沈昭一聽這話,羞憤得耳朵尖都紅了。
如果說和周淮序相識這么久,還有什么能讓她大開眼界的事,那就是他在說下流話這件事上,簡直越來越面不改色心不跳,尤其還總是擺出一副斯文精英的模樣,真是有夠人面獸心。

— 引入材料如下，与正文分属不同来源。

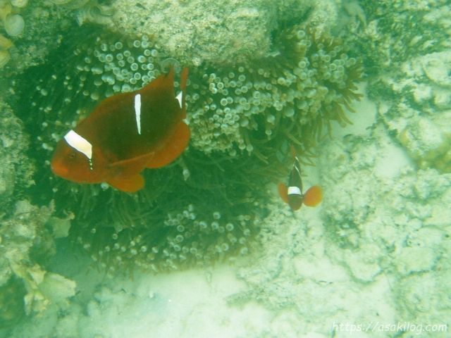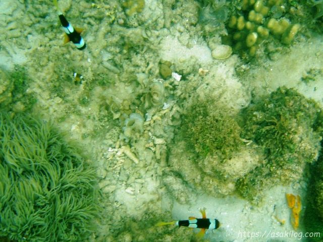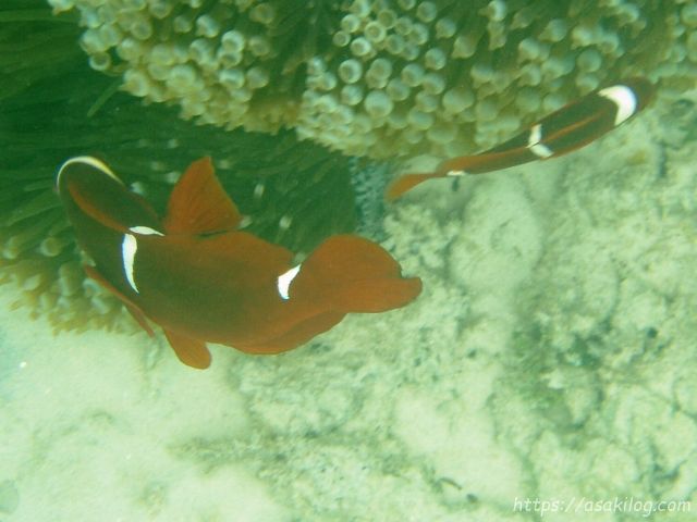マレーシア2009:サピ島 シュノーケリング(クマノミ編) 2009/7/12 2020/7/23 シュノーケリング シェアする LINE! ※本サイトでは広告が含まれる場合があります。 サピ島到着後、早速シュノーケリングしてみることに!(一番の目的はコレです♪) 天気が曇り(時々スコール)な感じだったので、透明度はイマイチでしたが、それなりにいろんな魚を見つけました。 まずは、クマノミの写真をUPしようと思います。 カクレクマノミ スパインチーク・アネモネフィッシュ 普通のクマノミ(多分。笑) 他の種類もいたかも?ですが、私が見つけたのはこの3種類。 クマノミ可愛くて大好きです。今回撮った水中写真の半分がクマノミでした(笑)

但她這回意志也是足夠堅定,甚至還跟著學壞地說了一句:“吃不下。”
周淮序太陽穴狠狠跳了下。
不愿意還說這種話勾他?
“沈昭,你故意的是不是?”
沈昭眨了眨眼,“你要這么想,我沒意見。”
又是一句耳熟的回旋鏢。
威逼利誘的手段徹底失敗,周淮序拿她沒辦法,只能抱著人泄憤地親了好半天,最后沒好氣地說道:
“我明天會回趟京城,你是不是也覺得,自己終于‘脫離苦海’,不用被我管了?”
沈昭這可就冤枉了,“我可從來沒說你身邊是苦海,你別給我亂扣帽子!”
周淮序:“你嘴上沒說,但你的行動和表情已經說明了一切。”
誰說女人容易無理取鬧,這男人無理取鬧起來,那可真是有過之而無不及。
沈昭瞧了眼周淮序無比不滿的眼神,想了想說:“再怎么樣,你身邊也算是‘溫柔鄉’吧,雖然是那種能把人凍成冰渣子的溫柔鄉就是了。”
男人眉梢微不可察地挑了挑,“是么,我看溫柔鄉對你的吸引力也不怎么樣。”
“誰說的?”
沈昭真是恨不得去包公府衙門口敲鼓伸冤,當即脫口而出道:
“你都不知道,我那天被推進手術室時,有多想你在我身邊,打麻醉的時候可疼死我了!”
她話剛落,周淮序看著她的眼睛里戲謔不再,溢滿疼惜。
沈昭抿了抿唇。
因為那晚提及這事時,兩個人之間莫名充滿著詭異且帶著火藥味的氣氛,這些天來沈昭和周淮序都很有默契地沒再主動聊起這個話題,但現在她終于說了心里話,周淮序是絕對不可能就這么輕易讓它過去的。
“既然想我,為什么還要瞞著我好幾天?”
時間或許真的是一劑良藥。
被蒙在鼓里的氣憤和不滿早已隨著這些天的過去而沉淀消弭,此刻周淮序的語氣,不僅不見絲毫冷意,反而像極了雪后初霽的第一縷日光,洋洋灑灑的溫柔落下。
積雪消融,化作一汪春水,凝聚在沈昭漂亮的眼睛里。
“我就是想體會一下,你當初真正的感受。”
她低頭抵著他寬闊硬朗的肩膀,輕聲說道。
“那天晚上我真的太孤獨了,恨不得你是多啦周夢,可以通過任意門立刻出現在我面前。可我又想,我還是會很快見到你的,只需要忍耐幾天就好。而你當時,根本連能不能再見到我都不知道。”
可是啊,你最后還找到了我。
感同身受這四個字,說來容易,可未經其苦,誰又能做到真正的感同身受。
如果有的傷痛注定不能彌補,那她親身再走過這一遭,是不是也算是在不同時間陪伴著他經歷了相同的孤獨。